**Activity:**
The goal is an unaltered copy of the records below, minus any images.

**Provided information:**
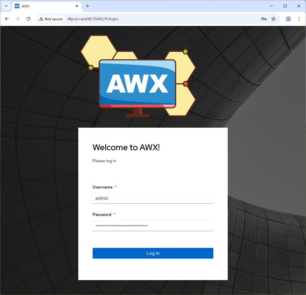 debian@dlp:~$ kubectl get pods -l "app.kubernetes.io/managed-by=awx-operator" NAME READY STATUS RESTARTS AGE ansible-awx-migration-24.6.1-dz8r6 0/1 Completed 0 5m43s ansible-awx-postgres-15-0 1/1 Running 0 7m5s ansible-awx-task-56b76c65f9-gljvr 4/4 Running 0 6m32s ansible-awx-web-6f6c9cf7b6-7zjnh 3/3 Running 0 6m33sdebian@dlp:~$ kubectl get service -l "app.kubernetes.io/managed-by=awx-operator" NAME TYPE CLUSTER-IP EXTERNAL-IP PORT(S) AGE ansible-awx-postgres-15 ClusterIP None <none> 5432/TCP 7m27s ansible-awx-service NodePort 10.104.16.165 <none> 80:30333/TCP 6m57s # サービス URL 確認 debian@dlp:~$ minikube service ansible-awx-service --url -n ansible-awx http://192.168.39.176:30333 # 管理アカウントのパスワード 確認 debian@dlp:~$ kubectl get secret ansible-awx-admin-password -o jsonpath="{.data.password}" | base64 --decode; echo joXV5pVPnYdNYFZBkGvvzdkdFUBbM2Bl # Kubernetes クラスター外部からもアクセスできるようにするには要ポートフォワード # [10445] ⇒ Minikube インストールホストが待ち受けるポート ⇒ 任意の空きポートを指定すれば OK # [80] ⇒ AWX コンテナーが待ち受けているポート debian@dlp:~$ kubectl port-forward service/ansible-awx-service --address 0.0.0.0 10445:80 Forwarding from 0.0.0.0:10445 -> 8052 |
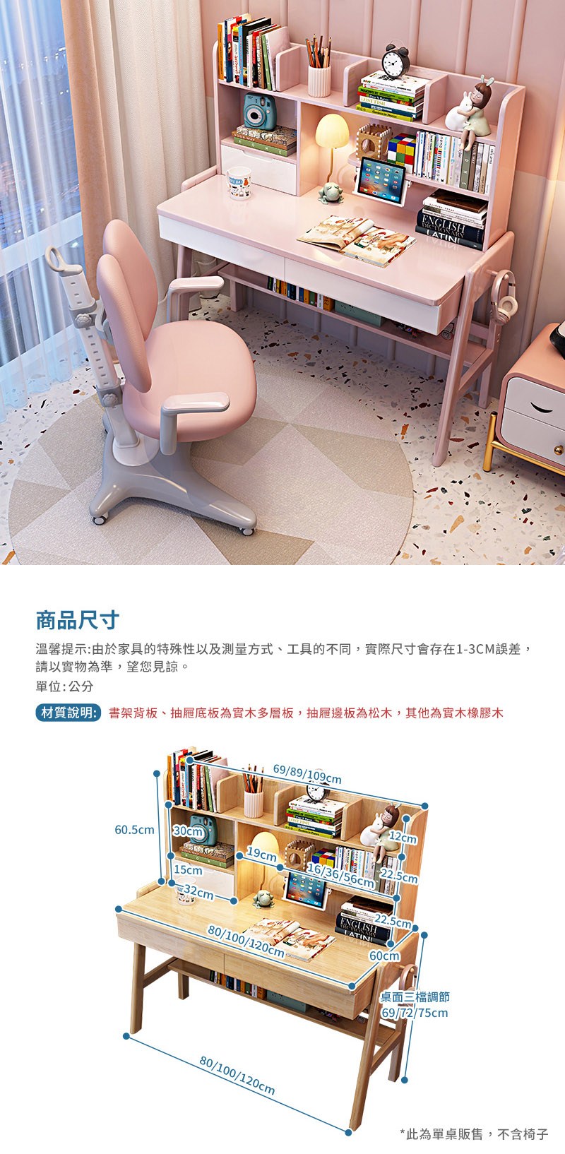 【HappyLife】實木升降簡約書架書桌 80公分 Y12066粉白
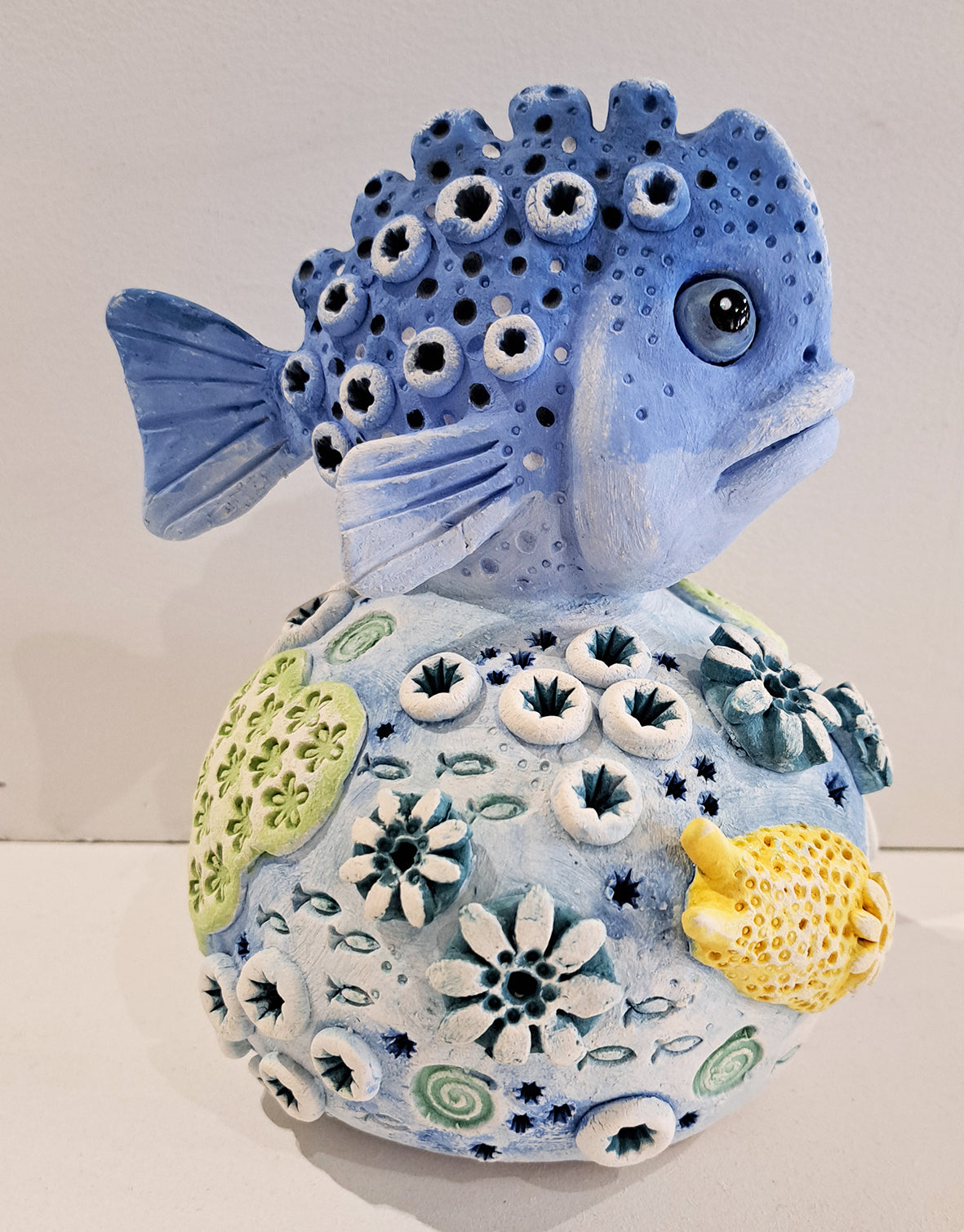 A lumpsucker fish on rock with sea slug and details, earthernware clay with various underglazes, perfect for a coastal home.
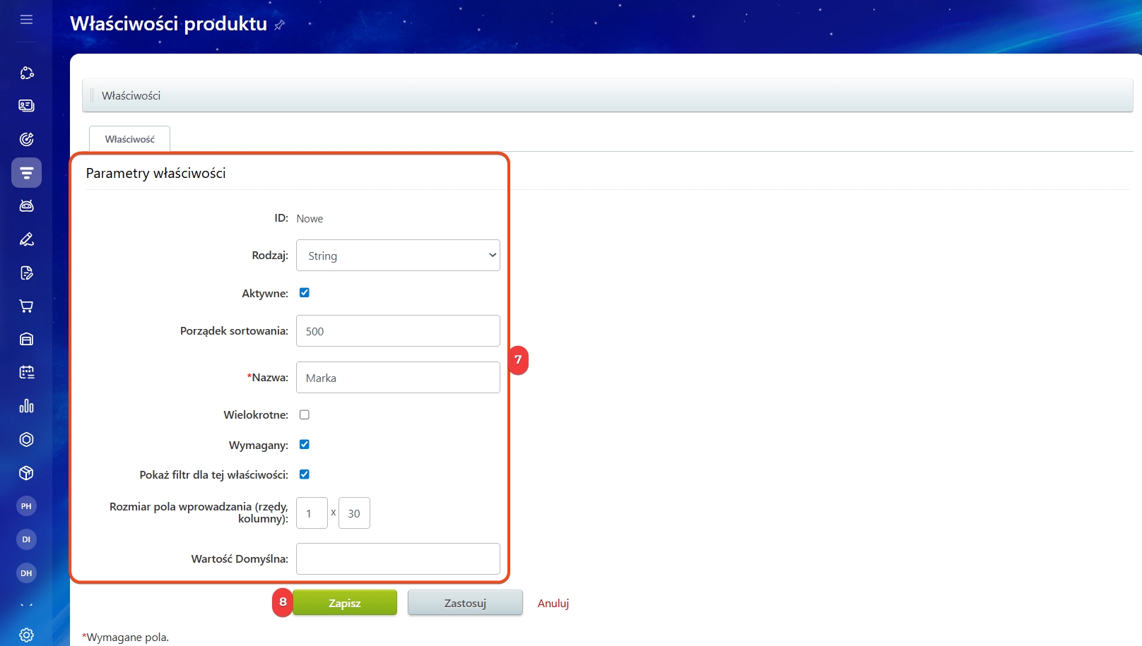 - Pokazuj w sklepie internetowym — właściwość będzie dostępna w filtrach sklepu
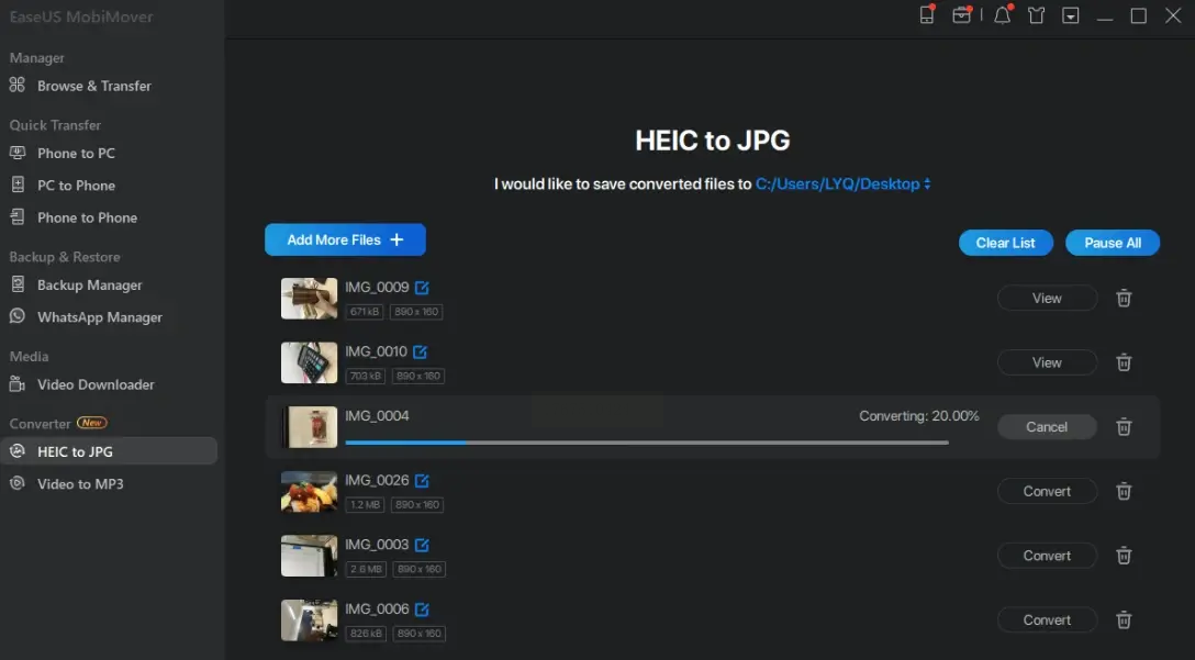 4. 完成后点击「View」直接打开转换后的文件夹,支持一键删除原HEIC文件(需手动勾选)。
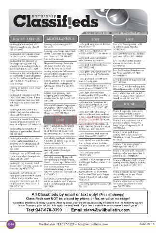 will be greatly appreciated. 347- Lost a maroon “pompom” in FOUND
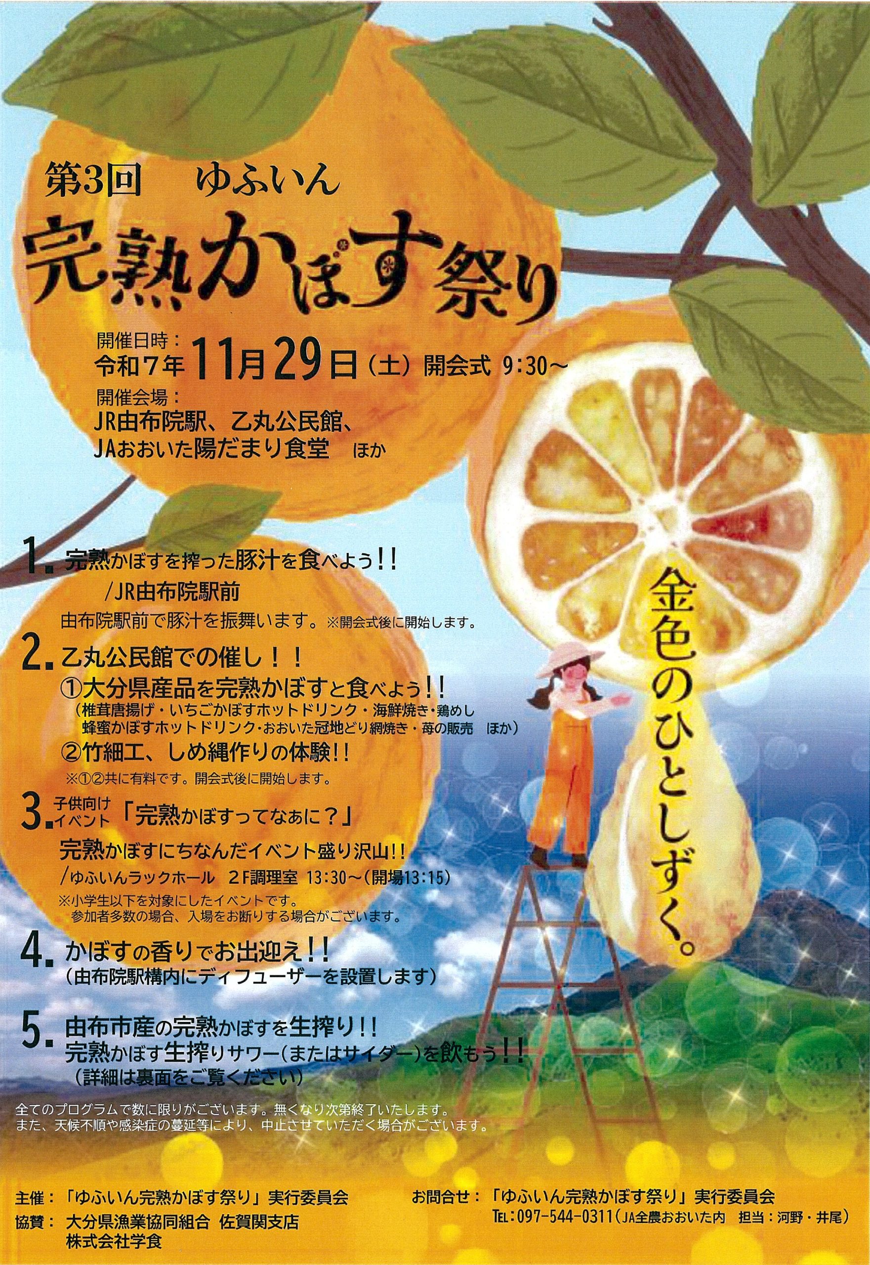 | 問い合わせ先 | 「ゆふいん完熟かぼす祭り」実行委員会 電話:097-544-0311(JA全農おおいた内) |
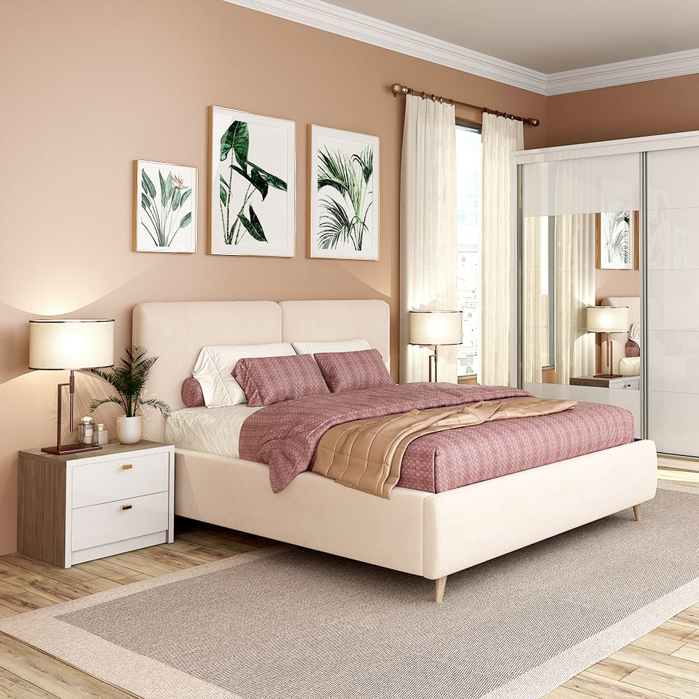 Set dormitor MONTELLO 1, Oak, Alb Gloss, pat tapitat catifea Bej, dulap usi culisante si noptiere incluse
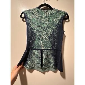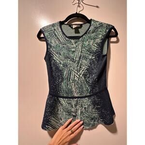 BCBGMaxAzria Women's Sleeveless Geometric Blue Green & White Pattern Top
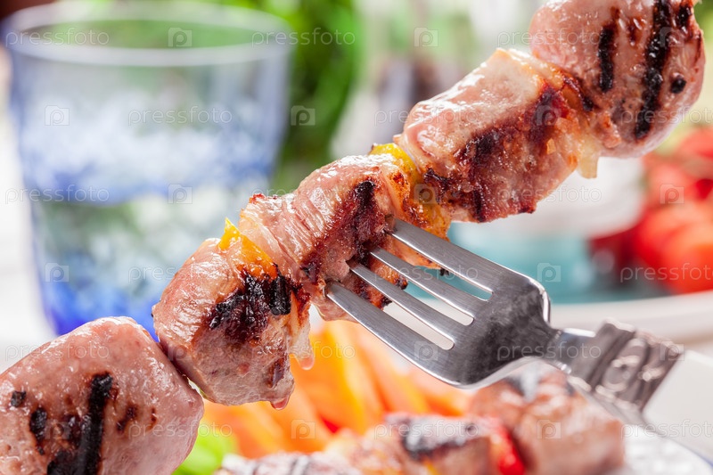 Мясной шашлык с морковью и салатом
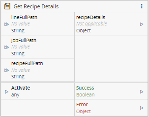 This task returns the Recipe Details from a given Recipe. Outputs an object with Panel/SubPanel/ComponentPlacement information.
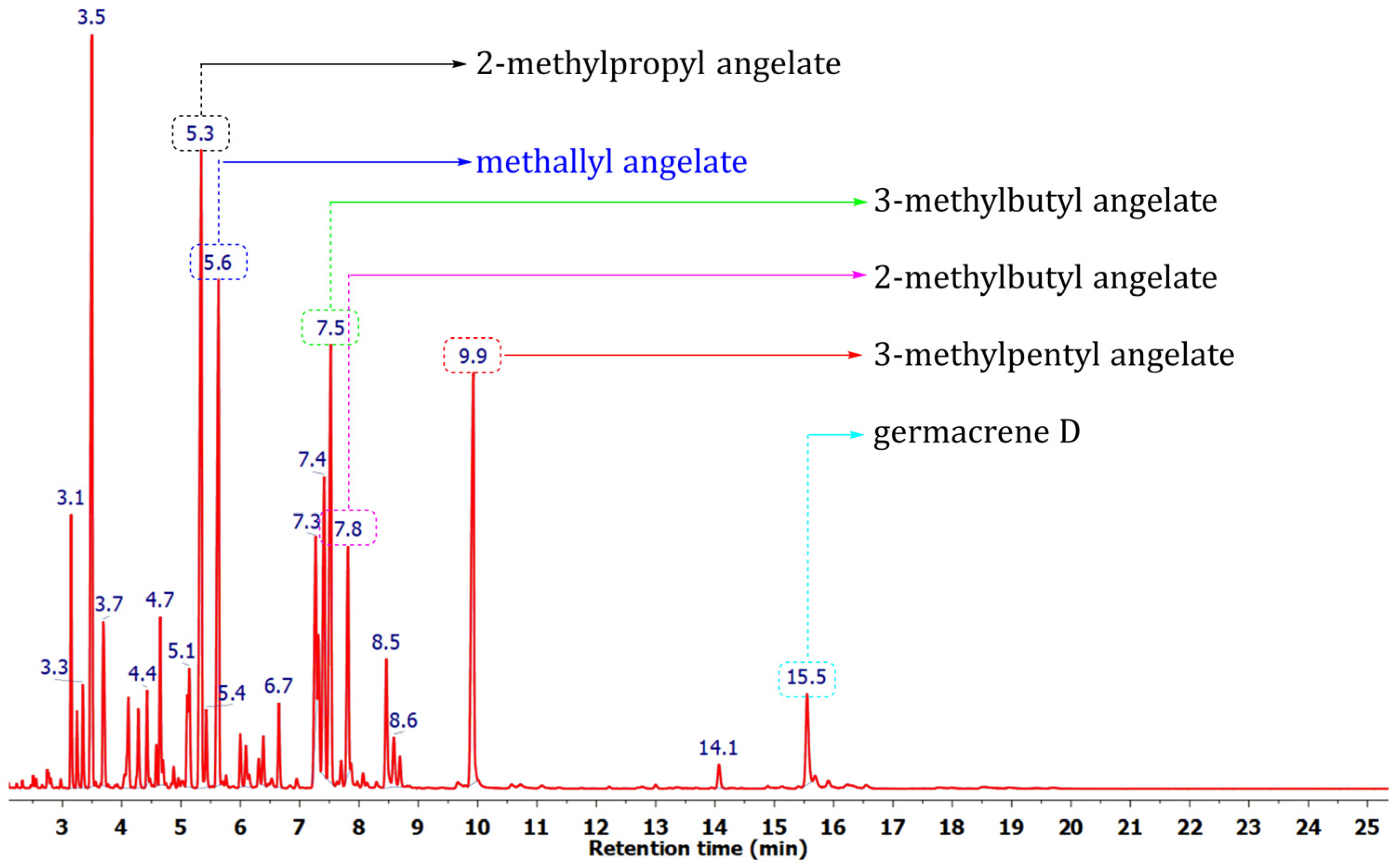 The identification of the above-mentioned tiglate and senecioate esters further prompted us to conduct an additional screening of the samples using partial ion current (PIC) chromatograms, specifically by monitoring characteristic ions for angelates, tiglates, and senecioates (m/z 55, 83, 100, and 101). The PIC chromatograms indicated the presence of an entire series of angelates, tiglates, and senecioates, comprising a total of 44 constituents (Figure S77). The identity of the majority of these compounds was ultimately confirmed through co-chromatography of the EO samples with synthesized standards of homologous series of angelates, tiglates, and senecioates (Table 1).
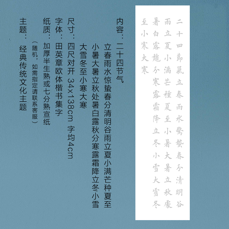 24二十四节气楷书描红宣纸四尺对开竖幅欧体楷书临摹字帖描摹练字
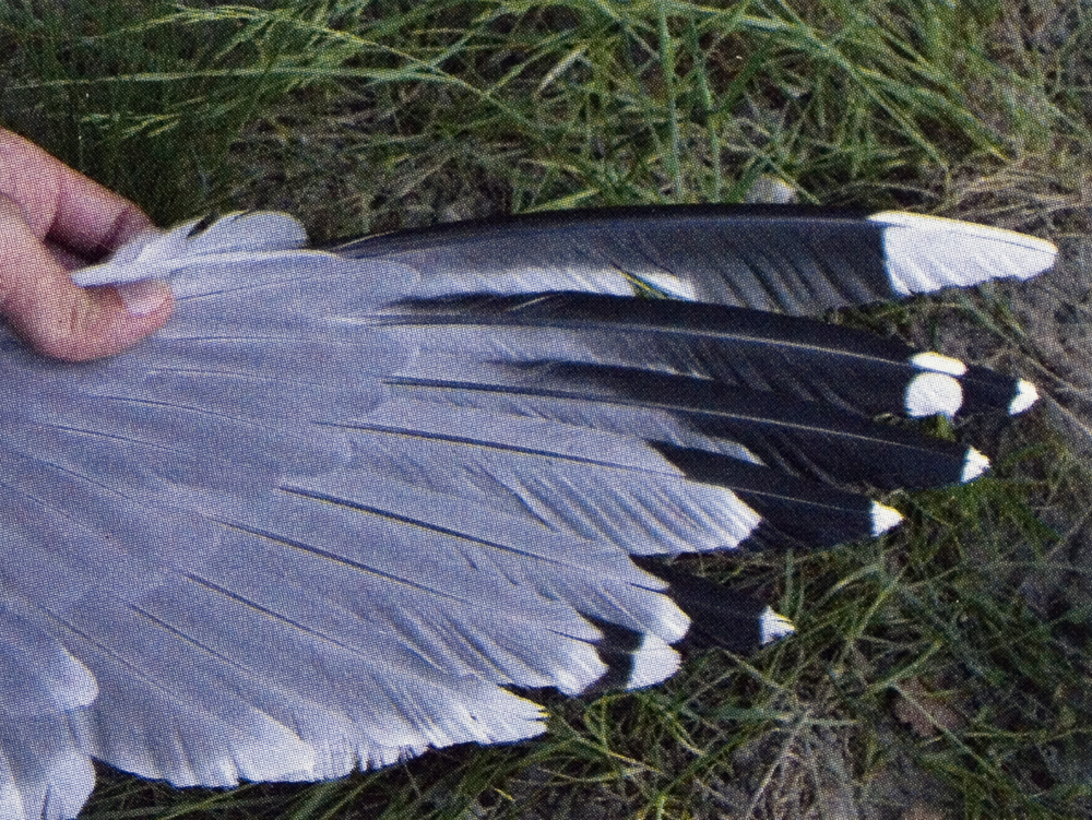 9CY female hybrid Caspian x Herring Gull, Przykona Reservoir, central Poland, May 2011 (trapped also in 2009). Parents known as Herring (mother) and Caspian (father). This hybrid was ringed as a chick in May 2003 in Wloclawek, c. 80 km northeast of the colony where it bred in 2007-11. Its wing-tip generally resembles that of Caspian, but there is a little more black than white on P10, the tongue is grey (not white), and the white mirror on P9 is relatively small. Note the intense coloration of the bare parts, but that the iris is nearly non-spotted. Bill ratio computed from depth/length measurements was 3.02, thus falling between Herring and Caspian (see Neubauer et al. 2007). Its overall score was 9, just on the safe limit for identification of Caspian.

**Final answer:**
 debian@dlp:~$ kubectl get pods -l "app.kubernetes.io/managed-by=awx-operator" NAME READY STATUS RESTARTS AGE ansible-awx-migration-24.6.1-dz8r6 0/1 Completed 0 5m43s ansible-awx-postgres-15-0 1/1 Running 0 7m5s ansible-awx-task-56b76c65f9-gljvr 4/4 Running 0 6m32s ansible-awx-web-6f6c9cf7b6-7zjnh 3/3 Running 0 6m33sdebian@dlp:~$ kubectl get service -l "app.kubernetes.io/managed-by=awx-operator" NAME TYPE CLUSTER-IP EXTERNAL-IP PORT(S) AGE ansible-awx-postgres-15 ClusterIP None <none> 5432/TCP 7m27s ansible-awx-service NodePort 10.104.16.165 <none> 80:30333/TCP 6m57s # サービス URL 確認 debian@dlp:~$ minikube service ansible-awx-service --url -n ansible-awx http://192.168.39.176:30333 # 管理アカウントのパスワード 確認 debian@dlp:~$ kubectl get secret ansible-awx-admin-password -o jsonpath="{.data.password}" | base64 --decode; echo joXV5pVPnYdNYFZBkGvvzdkdFUBbM2Bl # Kubernetes クラスター外部からもアクセスできるようにするには要ポートフォワード # [10445] ⇒ Minikube インストールホストが待ち受けるポート ⇒ 任意の空きポートを指定すれば OK # [80] ⇒ AWX コンテナーが待ち受けているポート debian@dlp:~$ kubectl port-forward service/ansible-awx-service --address 0.0.0.0 10445:80 Forwarding from 0.0.0.0:10445 -> 8052 |
 【HappyLife】實木升降簡約書架書桌 80公分 Y12066粉白
 A lumpsucker fish on rock with sea slug and details, earthernware clay with various underglazes, perfect for a coastal home.
 - Pokazuj w sklepie internetowym — właściwość będzie dostępna w filtrach sklepu
 4. 完成后点击「View」直接打开转换后的文件夹,支持一键删除原HEIC文件(需手动勾选)。
 will be greatly appreciated. 347- Lost a maroon “pompom” in FOUND
 | 問い合わせ先 | 「ゆふいん完熟かぼす祭り」実行委員会 電話:097-544-0311(JA全農おおいた内) |
 Set dormitor MONTELLO 1, Oak, Alb Gloss, pat tapitat catifea Bej, dulap usi culisante si noptiere incluse
 BCBGMaxAzria Women's Sleeveless Geometric Blue Green & White Pattern Top
 Мясной шашлык с морковью и салатом
 This task returns the Recipe Details from a given Recipe. Outputs an object with Panel/SubPanel/ComponentPlacement information.
 The identification of the above-mentioned tiglate and senecioate esters further prompted us to conduct an additional screening of the samples using partial ion current (PIC) chromatograms, specifically by monitoring characteristic ions for angelates, tiglates, and senecioates (m/z 55, 83, 100, and 101). The PIC chromatograms indicated the presence of an entire series of angelates, tiglates, and senecioates, comprising a total of 44 constituents (Figure S77). The identity of the majority of these compounds was ultimately confirmed through co-chromatography of the EO samples with synthesized standards of homologous series of angelates, tiglates, and senecioates (Table 1).
 24二十四节气楷书描红宣纸四尺对开竖幅欧体楷书临摹字帖描摹练字
 9CY female hybrid Caspian x Herring Gull, Przykona Reservoir, central Poland, May 2011 (trapped also in 2009). Parents known as Herring (mother) and Caspian (father). This hybrid was ringed as a chick in May 2003 in Wloclawek, c. 80 km northeast of the colony where it bred in 2007-11. Its wing-tip generally resembles that of Caspian, but there is a little more black than white on P10, the tongue is grey (not white), and the white mirror on P9 is relatively small. Note the intense coloration of the bare parts, but that the iris is nearly non-spotted. Bill ratio computed from depth/length measurements was 3.02, thus falling between Herring and Caspian (see Neubauer et al. 2007). Its overall score was 9, just on the safe limit for identification of Caspian.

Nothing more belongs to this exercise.